- [Activity]:
Copy the closing run of lines, from the one with "当協会は、妊娠・赤ちゃん期か" through the last line of the listing, exactly and without any pictures.

----- Data segment -----

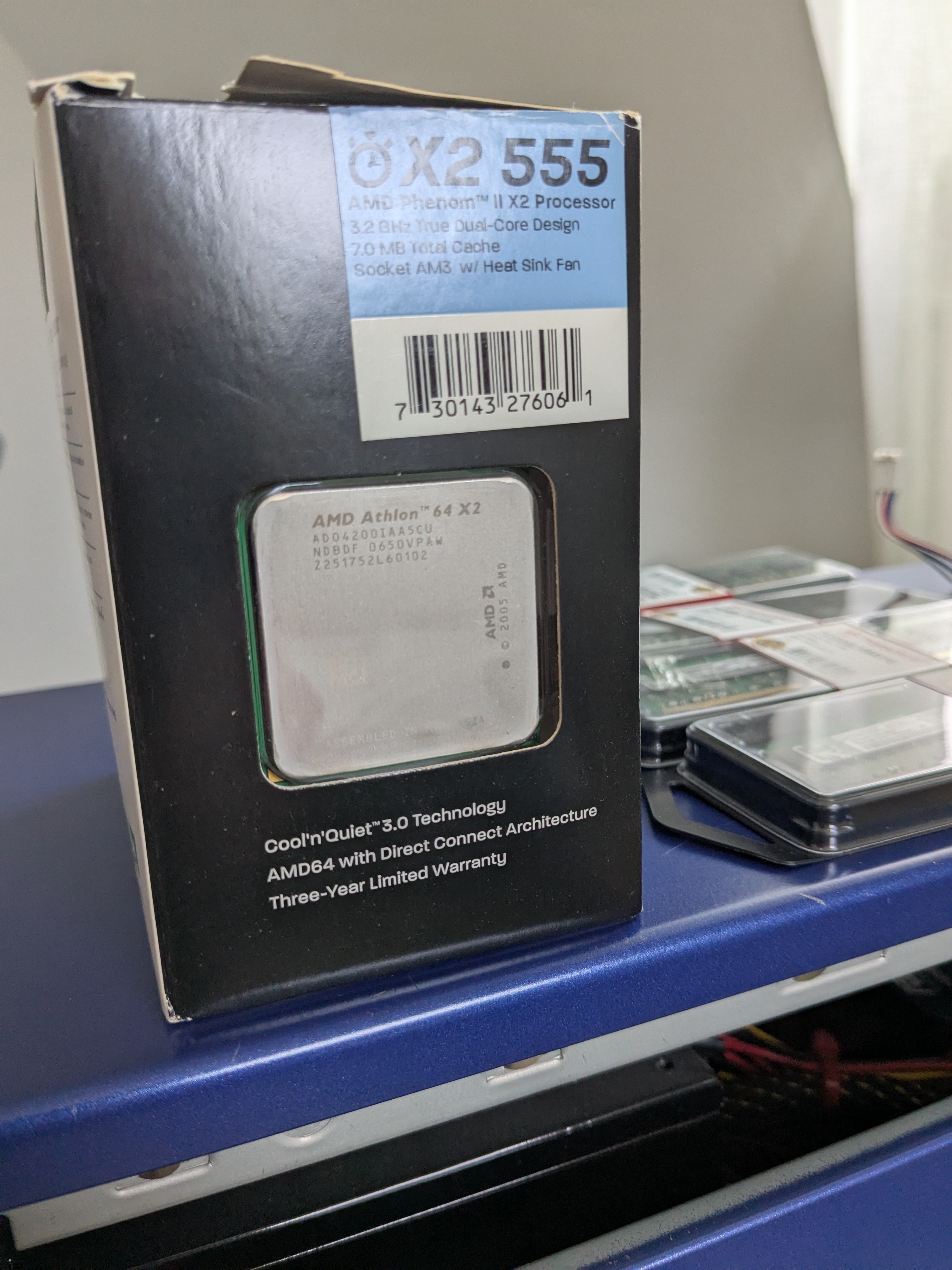 Board sieht man auf den Bildern, der Phenom ist eingebaut, der Athlon passt mWn auch in das Board und war da glaube ich vorher drin. Die GTX 460 ist eingebaut, die 7600GT ist passiv gekühlt, von der hatte ich damals aufgerüstet. Beim Gehäuse müsste noch alles komplett dabei sein, inkl. der Frontblende vom CD-LW und die Laufwerksschienen. Schlüssel muss ich allerdings noch suchen, da habe ich nur meinen gerade. NT ist meine ich 350 Watt, wie viel RAM weiß ich nicht, schätze mal 2 oder 4 GB.
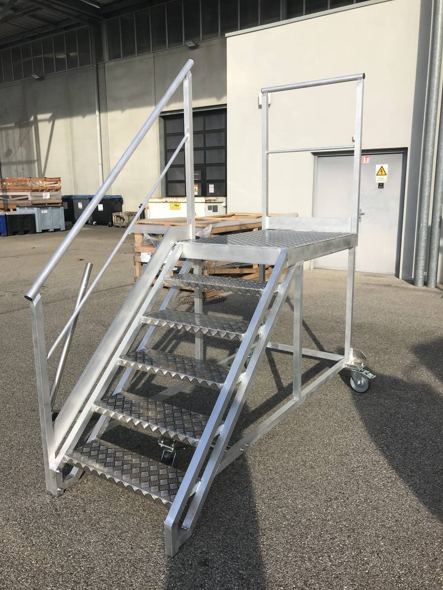 Passerelle aluminium , sur roulette avec pivot de blocage en inox .
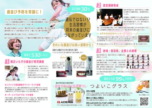 当協会は、妊娠・赤ちゃん期から「悪い歯並びを予防する育児」を広め、子どもの健康的な成長をサポートする活動を行っています。今回のギフトショーでは、アデリアの子ども向けガラス食器シリーズ「つよいこグラス」 を通じた健康支援についてもご紹介予定です。
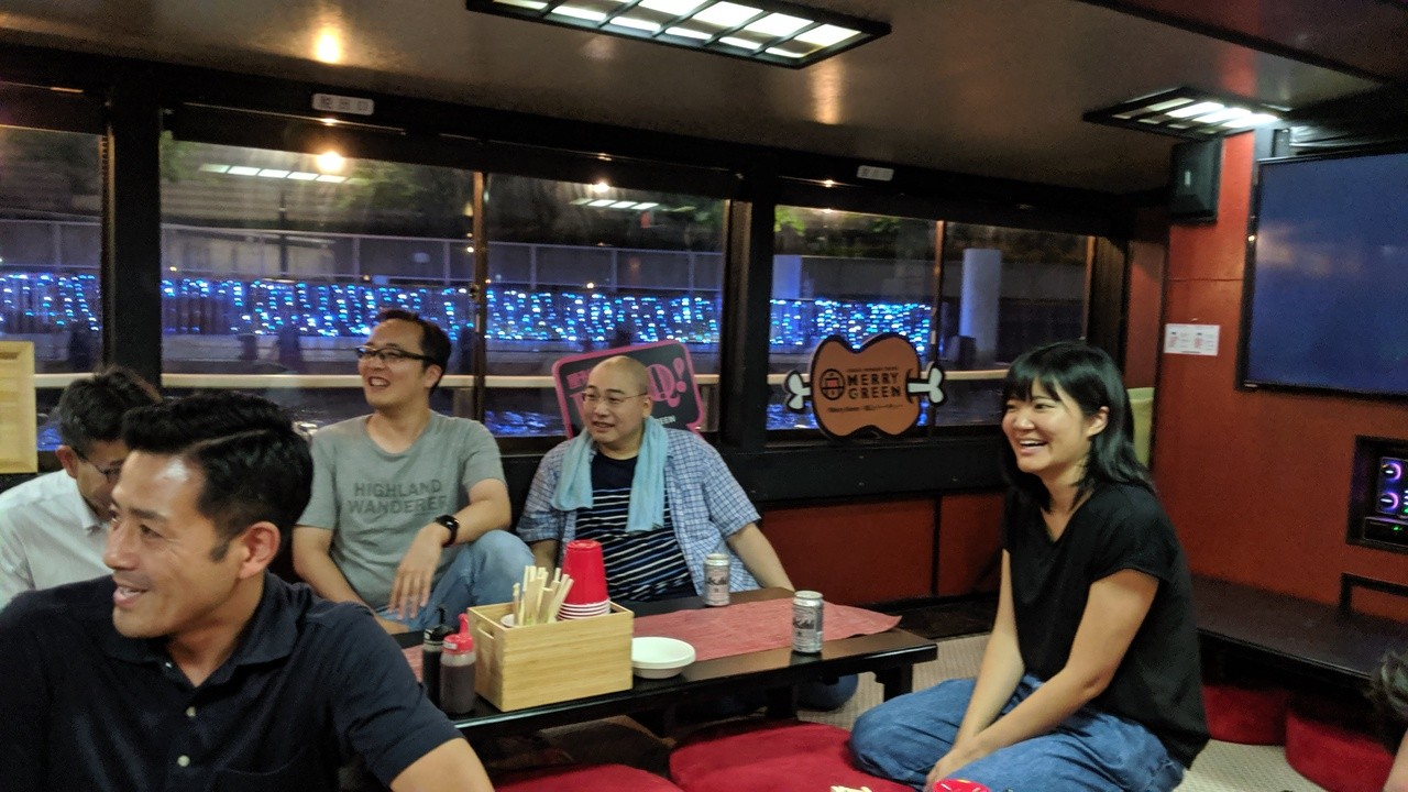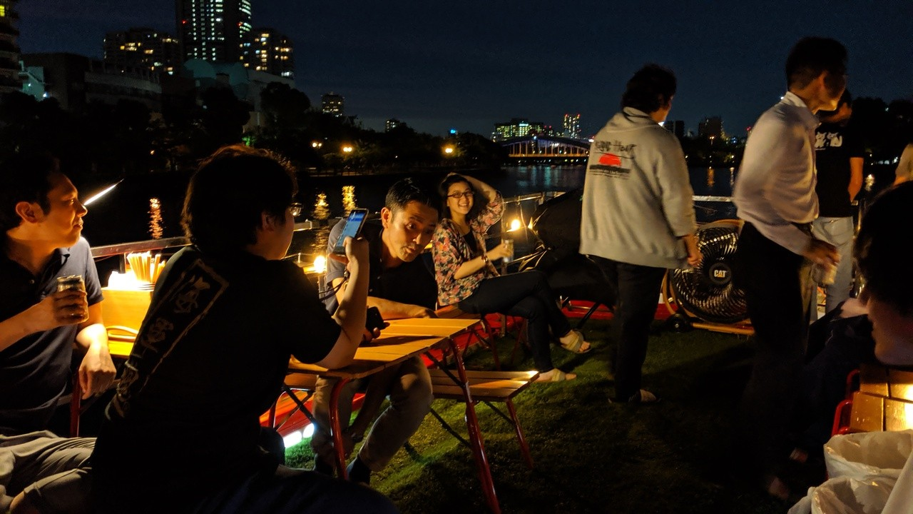 みなさん気持ちよさそうに夜風に当たりながら景色を楽しみ、酒をたしなむ。。。

-----

- [Result]:
 当協会は、妊娠・赤ちゃん期から「悪い歯並びを予防する育児」を広め、子どもの健康的な成長をサポートする活動を行っています。今回のギフトショーでは、アデリアの子ども向けガラス食器シリーズ「つよいこグラス」 を通じた健康支援についてもご紹介予定です。
 みなさん気持ちよさそうに夜風に当たりながら景色を楽しみ、酒をたしなむ。。。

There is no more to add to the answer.